In traditional Greek cuisine, game takes pride of place, with this is often preferred chicken meat. The taste of fried on grilled chicken will acquire a Mediterranean shade if in For seasoning, take the classic combination in Greek: oregano, garlic and lemon juice. So that the dish retains all its the inherent benefits of Mediterranean cuisine, stop your choice of olive oil, because without it also can not do кухня Греции. Time: 2 час.Difficulty: easy Servings: 4 Measured containers are used in recipes volume: 1 cup (st.) – 240 ml. 3/4 cup (st.) – 180 ml. 1/2 cups (st.) – 120 ml. 1/3 cup (st.) – 80 ml. 1/4 cup (Art.) – 60 ml. 1 tablespoon (tbsp.) – 15 ml. 1 teaspoon (tsp) – 5 ml.
Ingredients for the recipe:
- 1 whole chicken (1.5 -1.8 kg.)
- 1 tbsp. olive oil
- Juice of 2 lemons and zest of 1 lemon
- 3 cloves of grated (or thinly sliced) garlic
- 2 tbsp. l finely chopped oregano
- 2 feathers finely chopped green onions
- 1/4 Art. chopped dill
- Equipment: universal kitchen scissors or, preferably game scissors
Recipes with similar ingredients: chicken, lemon juice, onion green, dill, oregano
Recipe preparation:
- To make the chicken flat, first remove the ridge, making incisions on the carcass on both sides of the spine with kitchen with scissors. Having removed the ridge, turn the chicken upside down and press the keel so that the carcass takes a flatter shape the same thickness.
- In a medium-sized bowl, mix olive oil, lemon juice and zest, garlic, oregano, 1.5 tsp. salt and 1/4 tsp pepper. Transfer the chicken to a cooking bag with a clasp and place in a deep plate.
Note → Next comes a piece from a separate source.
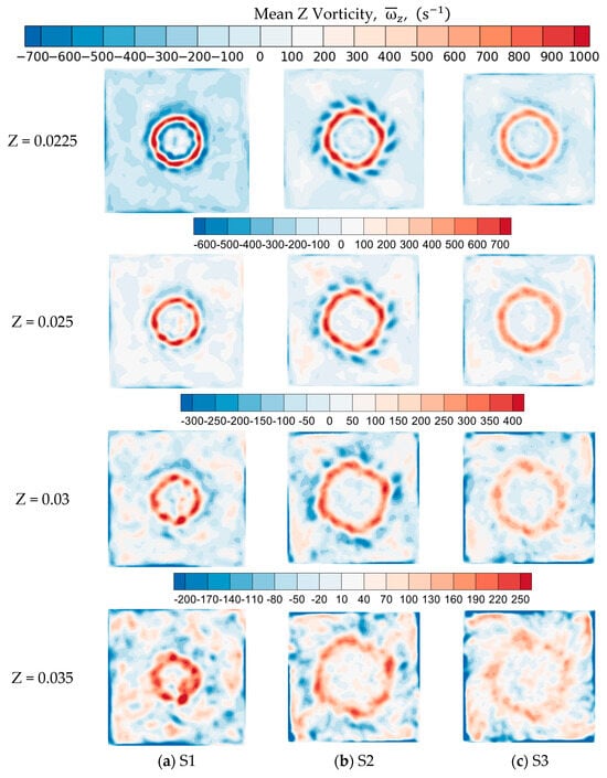 - Vorticity distributions demonstrate that higher swirl produces sharper, more coherent concentric vortical rings, whereas lower swirl results in diffuse, azimuthally distorted structures more susceptible to instabilities [46,47].

Pour in half the cooked chicken bag marinade, use the rest of the marinade when serving. Close bag, rotate it to evenly distribute the marinade. Refrigerate for 1 hour.
- Remove the chicken from the marinade bag, drain the excess marinade from carcasses. Dry with a paper towel and season evenly. salt, pepper. Leave at room temperature for 30 minutes.
- Prepare the grill for indirect medium heat: for gas grills (with 3 or more burners) set all burners to a heat higher medium, after 15 minutes of preheating, turn off one from medium burners and reduce remaining to medium heat. At charcoal grill should be ignited in the starter briquettes and when they flare up and cover with ashes, put them in grill roaster on one side. On the other hand, install drip tray to avoid ignition from dripping fat.
- Place the chicken (cut side down) on the raspper in side of the direct heat, turning the back of the carcass to the hot side. Cover the chicken and cook while the thermometer is with a probe, installed in the thickest part of the chicken leg, will not show 65-70 ° C (almost complete readiness), approximately 50 minutes.
- Move the chicken to the direct heat of the grill. 2 minutes later flip the carcass to fry until crisp for 3-4 minutes. Check again the temperature of the chicken thighs – she must be at least 73-74 ° C. If the temperature is lower, again move chicken to indirect heat, cover and cook until desired temperature. Remove the finished chicken from the grill and cool in 20 minutes before serving.
- Add the green onion and dill to the remaining marinade. Sprinkle it chicken or serve in a gravy boat.